So you should think in advance: “Will I be better or worse off having developed this technology if it's stolen?” By making certain research programs known, you create a security dilemma: you prompt foreign intelligence services into thinking that you're planning to use some new offensive weapon. You need to be thoughtful about what information can be misinterpreted by others if they're aware of an investment. We also tend to overestimate our ability to keep secrets.
Why is that?
In part, when you're operating in a classified environment, you're so aware of the protections: the guards, the guns, the gates, the special rooms with air gapping and no electronic devices. The environment creates so many inconveniences to go in and out, you assign a high level of confidence to it. But there are so many historical instances of our protections failing that we should be more realistic about the base rate of things getting stolen. That has implications for the research that we pursue and how we pursue it. For example, if you develop a technology that would actually create an asymmetric disadvantage if used against you.
That strategic analysis isn't inherent in the DARPA Heilmeier questions or the ARPA Heilmeier questions.
In your time leading IARPA, you made some adjustments to the Heilmeier questions.
We continued to use the Heilmeier questions, but we wanted to get at how competitors are going to respond to a technology being developed. So we developed some additional questions:
What's your estimate about how long it would take a major nation competitor to weaponize this technology after they learn about it? What's your estimate for a non-state terrorist group with resources like those of Al Qaeda in the first decade of the century?
If the technology is leaked, stolen, or copied, would we regret having developed it? What first mover advantage is likely to endure after a competitor follows?
How could the program be misinterpreted by foreign intelligence? Do you have any suggestions for reducing that risk?
Can we develop defensive capabilities before or alongside offensive ones?
Can the technology be made less prone to theft, replication, and mass production? What design features could create barriers to entry?

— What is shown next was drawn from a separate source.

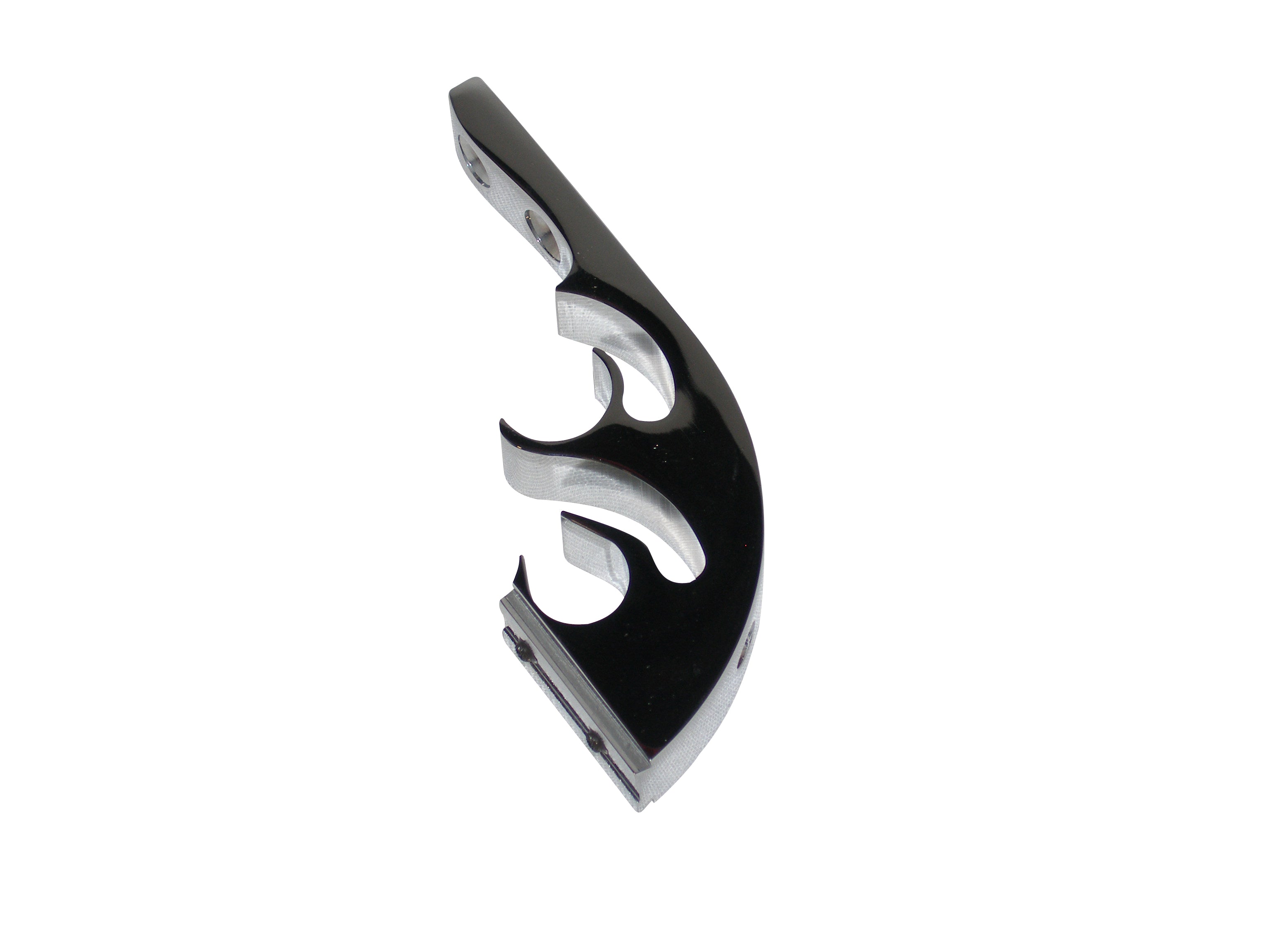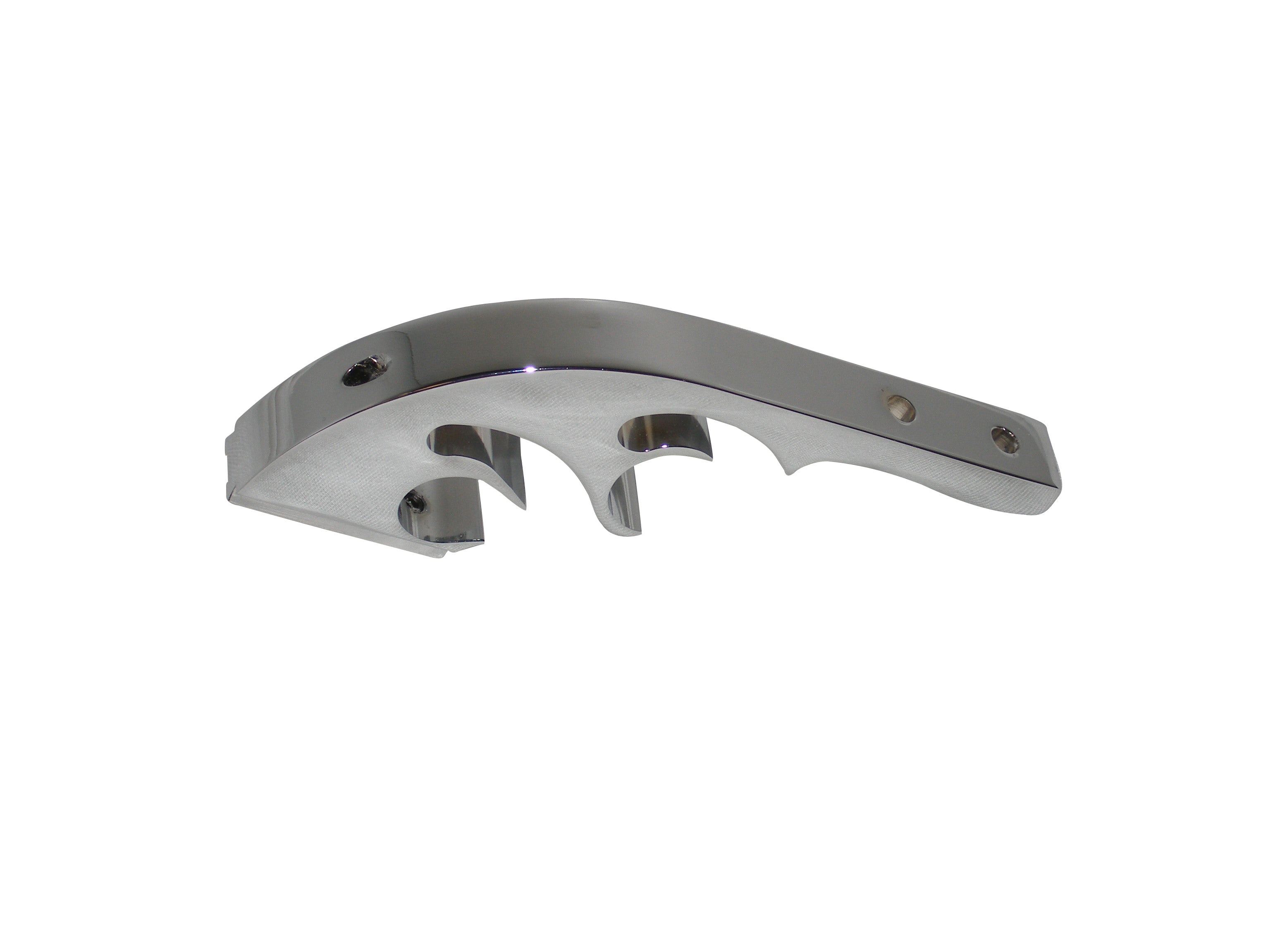 Genuine 3-D Flame Drop Forward. Will accept any standard rail mount On/Off Bottomline. Distinctive 'flame' design drop forward with standard 2-hole gun mounting configuration. 5" long, 2.5" drop. Lightweight aluminum with high gloss chrome finish.

What red team activities could help answer these questions? Whose red team opinions would you particularly respect?
Red teaming is a really important check on the strategic value of a particular technology, and it's not done frequently enough. We typically start research programs in the ARPAs without having somebody assigned to thinking, “Imagine we're successful. What are you going to do in response to this technology that we've just created? How are you going to counter it?”
Why isn’t that a common mode of analysis?
We don't do enough red teaming in general. Sometimes it's just awkward, because you're trying to beat the stuff that you're investing a lot of money and time to building. You're not highly motivated to see the ways that it breaks. There are institutional and even personal incentives not to explore the ways in which your own investment is potentially vulnerable. Also, it takes time and investment, and that trades off against efforts that are seen as more within the “job jar” of an R&D agency.
But in fact, it’s one of our best ways of identifying vulnerabilities early and creating countermeasures. The ARPAs could say, “It’s not our job to figure out how to break our own technology.” But it's not clear any agency is better qualified. You need folks who are going to be sincere about trying to break it, who aren't friends with the program manager, who are sufficiently separated as honest brokers.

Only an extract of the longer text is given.